LTO Background and Motivation
LTO (Link Time Optimization) is a method for achieving better runtime performance through whole-program analysis and cross-module optimization. During the compile phase, clang will emit LLVM bitcode instead of an object file. The linker recognizes these bitcode files and invokes LLVM during the link to generate the final objects that will constitute the executable. The LLVM implementation loads all input bitcode files and merges them together to produce a single Module. The interprocedural analyses (IPA) as well as the interprocedural optimizations (IPO) are performed serially on this monolithic Module.
What this means in practice is that LTO often requires a large amount of memory (to hold all IR at once) and is very slow. And with debug information enabled via -g, the size of the IR and the resulting memory requirements are significantly larger. Even without debug information, this is prohibitive for very large applications, or when compiling on memory-constrained machines. It also makes incremental builds less effective, as everything from the LTO step on must be re-executed when any input source changes.
ThinLTO is a new approach that is designed to scale like a non-LTO build, while retaining most of the performance achievement of full LTO.
In ThinLTO, the serial step is very thin and fast. This is because instead of loading the bitcode and merging a single monolithic module to perform these analyses, it utilizes compact summaries of each module for global analyses in the serial link step, as well as an index of function locations for later cross module importing. The function importing and other IPO transformations are performed later when the modules are optimized in fully parallel backends.
The key transformation enabled by ThinLTO global analyses is function importing, in which only those functions likely to be inlined are imported into each module. This minimizes the memory overhead in each ThinLTO backend, while maximizing the most impactful cross module optimization opportunities. The IPO transformations are therefore performed on each module extended with its imported functions.
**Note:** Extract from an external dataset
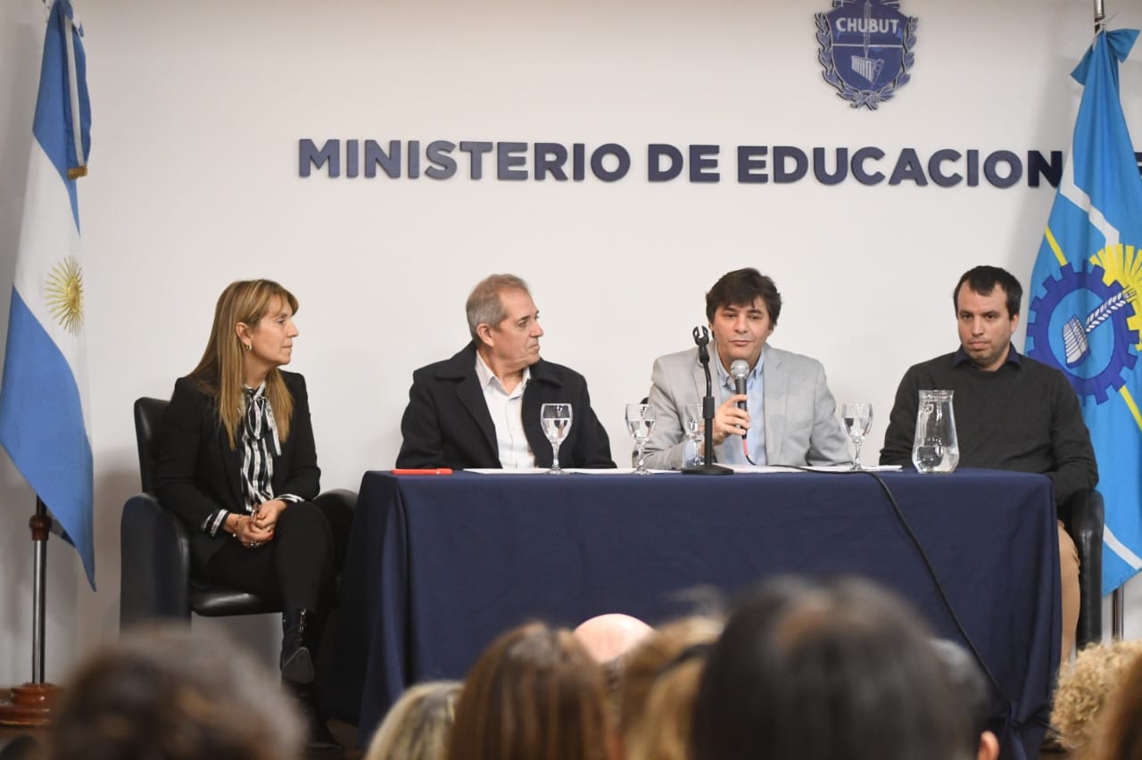 En este marco, se firmó un acuerdo de colaboración interinstitucional, del cual participaron el ministro de Educación, José Luis Punta; el decano de la Facultad de Ciencias Económicas de la UNPSJB, Julio Ricardo Ibáñez; la presidenta del Consejo Profesional de Ciencias Económicas del Chubut, María Victoria Vernetti; y el secretario del Consejo Profesional de Ciencias Económicas del Chubut, Sebastián Andrés Suárez.
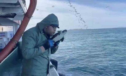 Duyarlı balıkçılar, caretta carettayı kısa sürede kurtardı ve büyük bir titizlikle doğal yaşam alanına geri saldı. O anlar cep telefonu kamerasına yansırken, teknedeki bir balıkçının caretta carettayı salmadan önce vedalaşıp öpmesi izleyenlerin yüreğini ısıttı.

The ThinLTO process is divided into 3 phases:
- Compile: Generate IR as with full LTO mode, but extended with module summaries
- Thin Link: Thin linker plugin layer to combine summaries and perform global analyses
- ThinLTO backend: Parallel backends with summary-based importing and optimizations
By default, linkers that support ThinLTO (see below) are set up to launch the ThinLTO backends in threads. So the distinction between the second and third phases is transparent to the user.
The key enabler for this process are the summaries emitted during phase 1. These summaries are emitted using the bitcode format, but designed so that they can be separately loaded without involving an LLVMContext or any other expensive construction. Each global variable and function has an entry in the module summary. An entry contains metadata that abstracts the symbol it is describing. For example, a function is abstracted with its linkage type, the number of instructions it contains, and optional profiling information (PGO). Additionally, every reference (address taken, direct call) to another global is recorded. This information enables building a complete reference graph during the Thin Link phase, and subsequent fast analyses using the global summary information.
ThinLTO is currently supported in both the gold plugin as well as in ld64 starting with Xcode 8 . Additionally, support is currently being added to the lld linker. The 3.9 clang release of clang will have ThinLTO accessible using the -flto=thin command line option.
While tuning is still in progress, ThinLTO already performs well compared to LTO, in many cases matching the performance improvement. In a few cases ThinLTO even outperforms full LTO, most likely because the higher scalability of ThinLTO allows using a more aggressive backend optimization pipeline (similar to that of a non-LTO build).
The following results were collected for the C/C++ SPEC cpu2006 benchmarks on an 8-core 2.6GHz Intel Xeon E5-2689. Each benchmark was run in isolation three times and results are shown for the average of the three runs.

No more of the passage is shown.